DWP to spend an extra £36m to make sure its decisions on people's benefits are 'accurate'

The Department of Work and Pensions is set to spend an extra £360m to ensure that the decisions it makes over people's crucial benefit payments are 'accurate.'

The extra cash was announced by Chancellor Sajid Javid in yesterday's spending review - as part of an overall £13bn funding plan that he claims will 'end austerity.'

Many have already derided the series of announcements as 'blatant electioneering' as the country heads towards an inevitable national poll.

But people in Merseyside will be interested in the extra money promised to the DWP - partly because it will confirm what many around here already know - that the department has not been fit for purpose for some time.

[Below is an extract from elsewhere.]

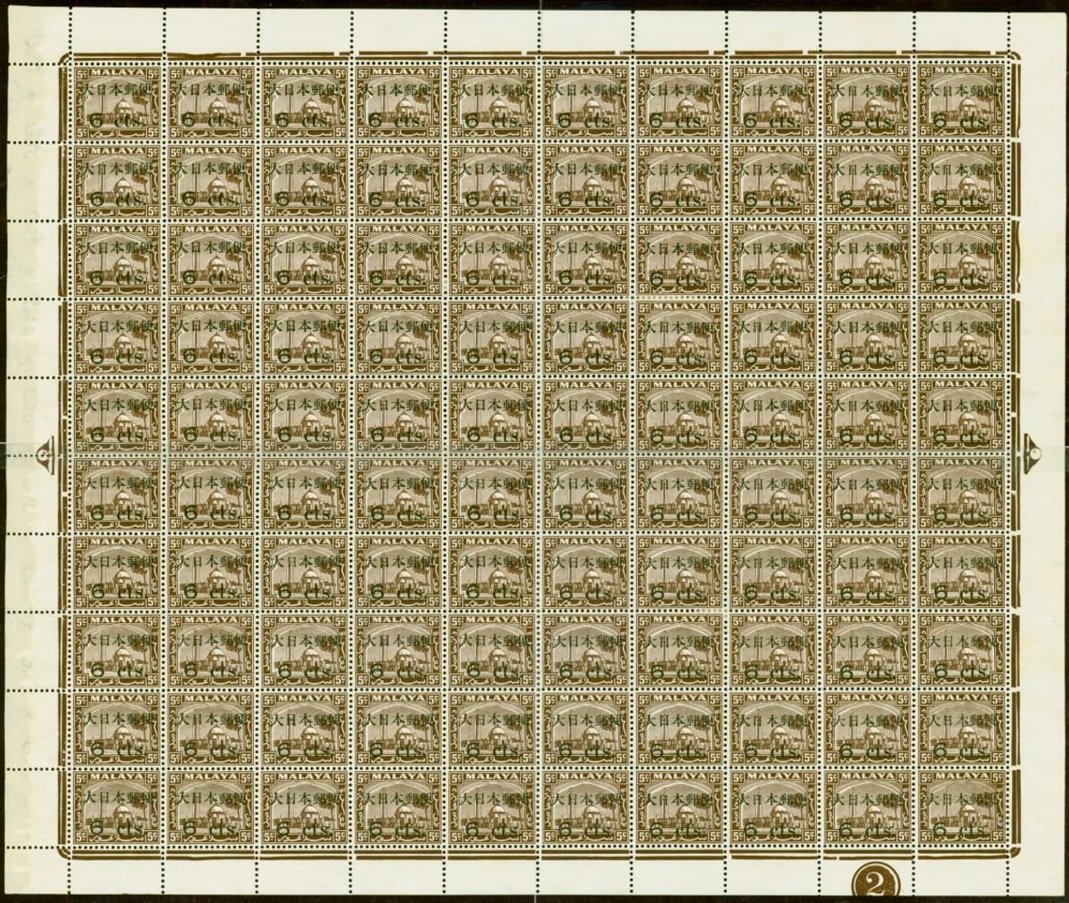 Selangor 1944 Jap Occu 6c on 5c Brown SGJ293 V.F MNH Complete Sheet of 100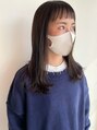 ぱつっと切ったショートバングがかわいいロングスタイル。全然の長さがあるので、幼くなりすぎず、オシャレな印象に。カラーは柔らかいグレージュで少し大人っぽく。

The ECHO has repeatedly reported on shocking and harrowing cases of those who have had incorrect and unfair decisions foisted on them by the DWP - leading to some tragic circumstances.

(Niall Carson/PA Wire)

The Spending Review stated that the overall DWP resource will rise to 1.9% in 2020/21.

This will include an extra £40m for emergency housing payments aimed at tackling problems for those living in private rented accommodation.

Man weighed six stone and was barely able to move

Many renters have found themselves in serious trouble because of problems with Universal Credit.

And there is also an extra £36m promised to 'ensure DWP decision-making is accurate' and that 'the application processes are straightforward and accessible.'

While extra money in this area will be welcomed - many will ask why it has taken so long for the government to realise the deep-rooted problems in the DWP that have caused misery for so long.

Stephen Smith has died (Liverpoool Echo)

The money will come too late for Liverpool man Stephen Smith , who was wrongly and repeatedly denied potentially life-saving benefits that he needed as he battled a number of serious illnesses.

Stephen eventually had to get a pass out from hospital so that he could take on the DWP at a tribunal and win his case.

As many ECHO readers will know, before he was finally awarded the money he had been wrongly denied for so long, Stephen died.

His is just one of many cases across our region that have exposed the DWP and its processes as being unfit in recent years - and people will certainly need to be convinced that wholesale changes are on the way.